=== Dataset content ===

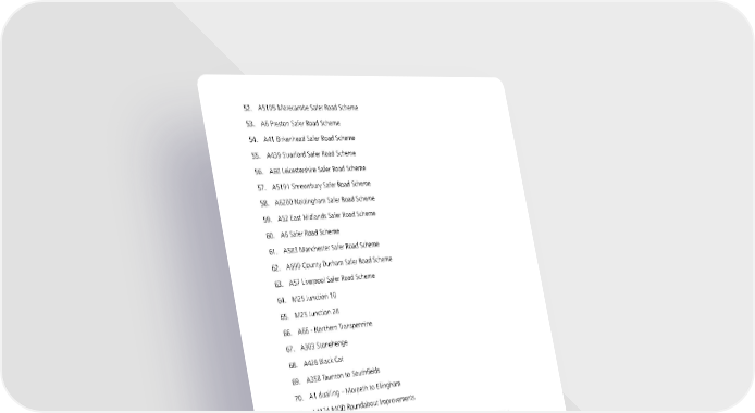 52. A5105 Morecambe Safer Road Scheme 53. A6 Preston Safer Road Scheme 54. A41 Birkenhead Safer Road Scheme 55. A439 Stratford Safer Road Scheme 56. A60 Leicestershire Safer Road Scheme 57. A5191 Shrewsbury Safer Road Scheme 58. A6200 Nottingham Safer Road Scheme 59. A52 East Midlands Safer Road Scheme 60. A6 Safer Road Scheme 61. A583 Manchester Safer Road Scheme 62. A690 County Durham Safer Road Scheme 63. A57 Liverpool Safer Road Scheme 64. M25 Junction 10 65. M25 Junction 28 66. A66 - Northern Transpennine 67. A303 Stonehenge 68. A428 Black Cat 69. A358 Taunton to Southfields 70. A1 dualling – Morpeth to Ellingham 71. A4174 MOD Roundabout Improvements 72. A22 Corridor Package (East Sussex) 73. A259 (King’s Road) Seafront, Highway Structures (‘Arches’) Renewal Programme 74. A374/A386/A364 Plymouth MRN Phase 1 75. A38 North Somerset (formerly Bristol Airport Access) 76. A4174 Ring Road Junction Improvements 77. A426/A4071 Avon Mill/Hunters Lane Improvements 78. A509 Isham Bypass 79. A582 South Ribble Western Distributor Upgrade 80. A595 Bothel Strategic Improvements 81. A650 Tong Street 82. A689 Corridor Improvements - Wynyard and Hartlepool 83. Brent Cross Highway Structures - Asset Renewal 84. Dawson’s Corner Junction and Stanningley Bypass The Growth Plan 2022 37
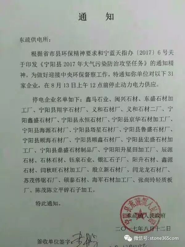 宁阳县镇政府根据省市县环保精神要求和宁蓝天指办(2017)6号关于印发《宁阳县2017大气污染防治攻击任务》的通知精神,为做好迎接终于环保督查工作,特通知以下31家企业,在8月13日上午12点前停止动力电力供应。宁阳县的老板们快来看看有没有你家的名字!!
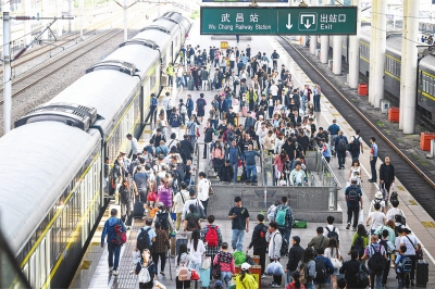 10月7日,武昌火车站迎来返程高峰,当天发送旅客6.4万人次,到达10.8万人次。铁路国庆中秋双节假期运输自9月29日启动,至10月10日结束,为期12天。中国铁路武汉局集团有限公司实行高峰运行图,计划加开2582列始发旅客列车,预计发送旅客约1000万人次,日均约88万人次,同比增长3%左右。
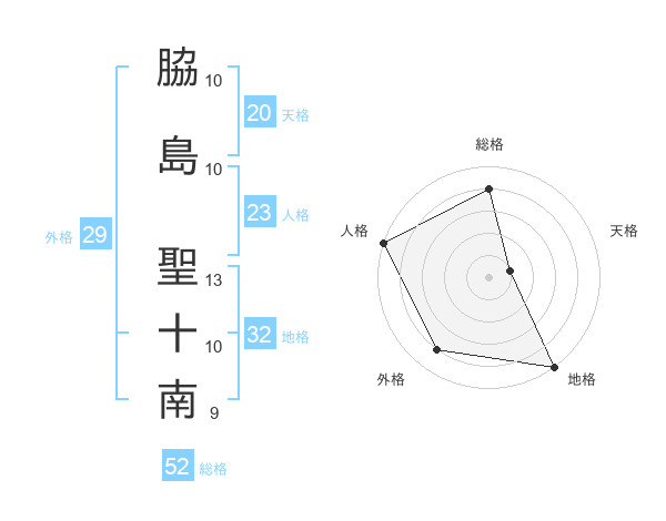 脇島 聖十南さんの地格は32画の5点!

===

Work request: Leaving the pictures aside, transcribe only the lines from the one containing "宁阳县镇政府根据省市县环保精" to the final line of the listing above, inclusive, exactly as they appear.

Exercise result:
 宁阳县镇政府根据省市县环保精神要求和宁蓝天指办(2017)6号关于印发《宁阳县2017大气污染防治攻击任务》的通知精神,为做好迎接终于环保督查工作,特通知以下31家企业,在8月13日上午12点前停止动力电力供应。宁阳县的老板们快来看看有没有你家的名字!!
 10月7日,武昌火车站迎来返程高峰,当天发送旅客6.4万人次,到达10.8万人次。铁路国庆中秋双节假期运输自9月29日启动,至10月10日结束,为期12天。中国铁路武汉局集团有限公司实行高峰运行图,计划加开2582列始发旅客列车,预计发送旅客约1000万人次,日均约88万人次,同比增长3%左右。
 脇島 聖十南さんの地格は32画の5点!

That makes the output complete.